Длинная, печальная и полная достоинства коровья морда уставилась на него. Глаза ее по краям были обсижены мухами. Кусок кожи на рыжевато-коричневом боку коровы величиной с кулак был поврежден и тоже облеплен мухами. На самом деле видимая рана вела в глубокую дыру, сделанную корабельной мачтой, когда ее перевозил грузовик. Мартин не видел момента столкновения, а беспорядочная толпа закрывала от него смертельную рану коровы.

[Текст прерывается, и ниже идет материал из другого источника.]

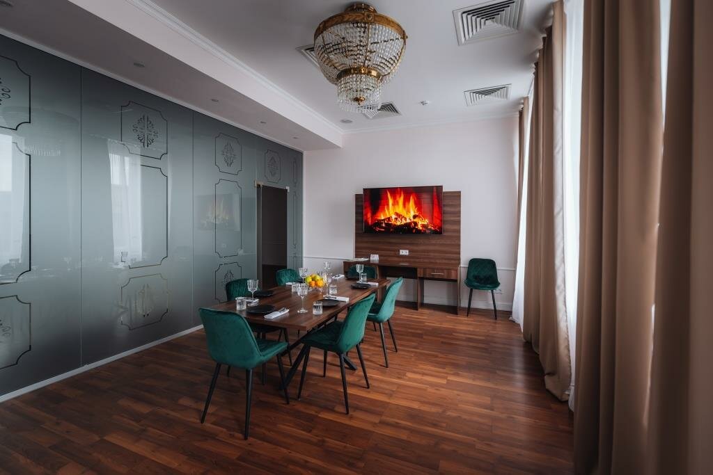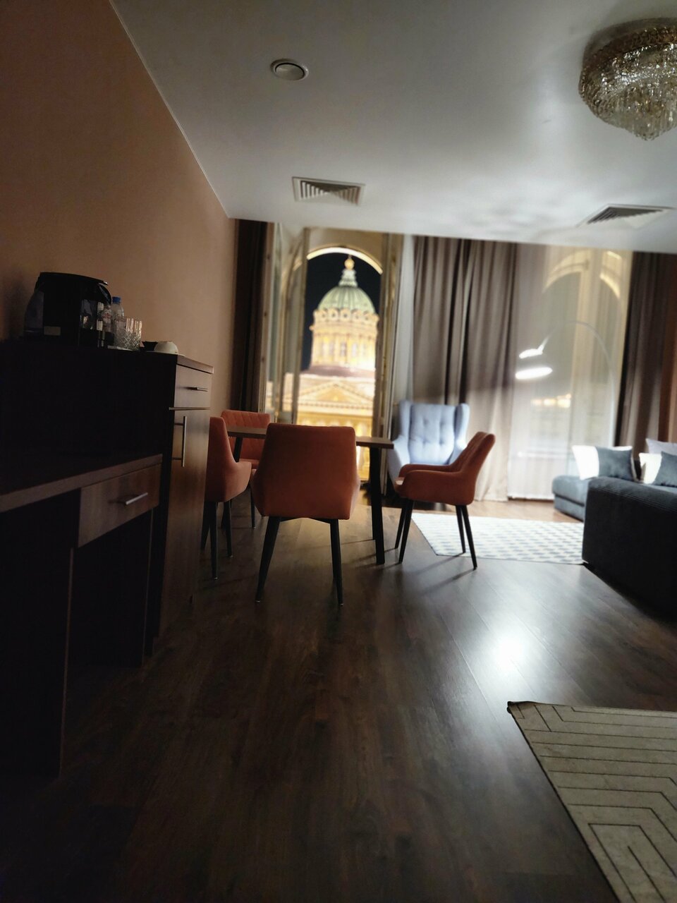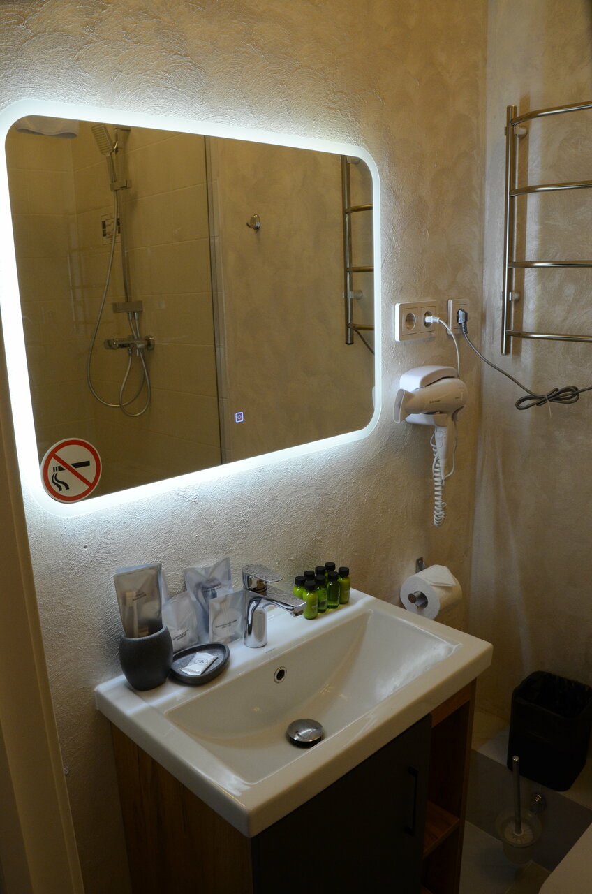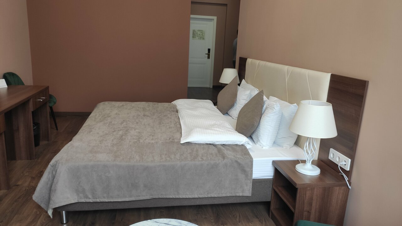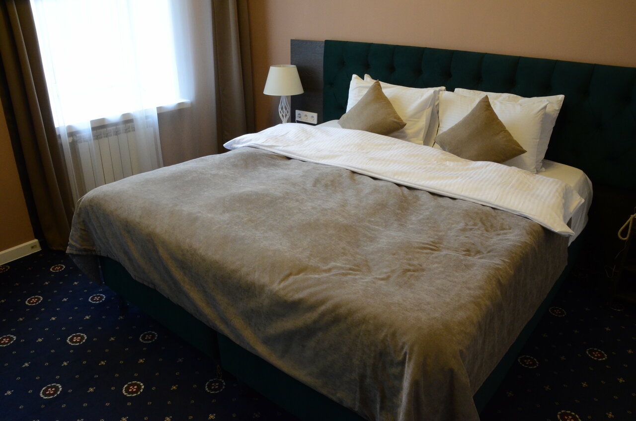 Проживали семьей, в номере 412 , переехали в 405 с доплатой , в составе : 3 взрослых , 2 ребенка номер люкс с 26 дек по 02 января : из плюсов — расположение, вид на собор ( за него доплатили на месте ) , в ресторане отмечали Новый год ( у нас маленький ребенок, задача была не выходить из здания , дабы не нести коляску по лестницам ) к ресторану претензий нет , было вкусно, комфортно и красиво . По номеру : проживали на 4 этаже , лифт только с 3 этажа , коляску 2 раза в день ( минимум ) поднимали и спускали на руках , в номере грязно , убираются плохо , запах стоит в номерах (вытяжка в туалете не работает , сам туалет течет ) , в коридорах ремонт потолков , запах сырости и грязных ковров , после кровати спина перестала болеть через 2 дня после уезда , стулья как будто из автосервиса ( все черные , кресло ямагучий в номере , даже не понятно какого цвета обивка , мебель вся из разных стилей , все максимально дешевое , я в первые была в таком люксе , больше желания нет.
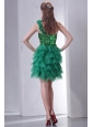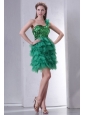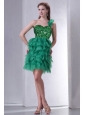 Green One Shoulder Mini-length Sequins and Ruffled Layers Prom Dress

Внезапно толпа расступилась — шла какая-то процессия. Мартин смог увидеть всего лишь сумасшедших, швырявших цветы. Когда молящиеся прошли, корова осталась лежать, усыпанная лепестками роз. Некоторые прилипли к ране вместе с мухами. Одна нога коровы оказалась вытянутой: животное лежало на боку, почти касаясь рогом канавы. Там, в нескольких сантиметрах от рога, лежало целехонькое человеческое испражнение. За этим непотревоженным рогом куском дерьма находились палатки торговцев. Продавалось нечто, в чем Мартин Миллс не был заинтересован — розовая пудра, о которой миссионер подумал, что это что-то съедобное или какие-то специи. Немного пудры просыпалось в канаву, там розовые частички накрыли и коровий рог, и лепешки дерьма.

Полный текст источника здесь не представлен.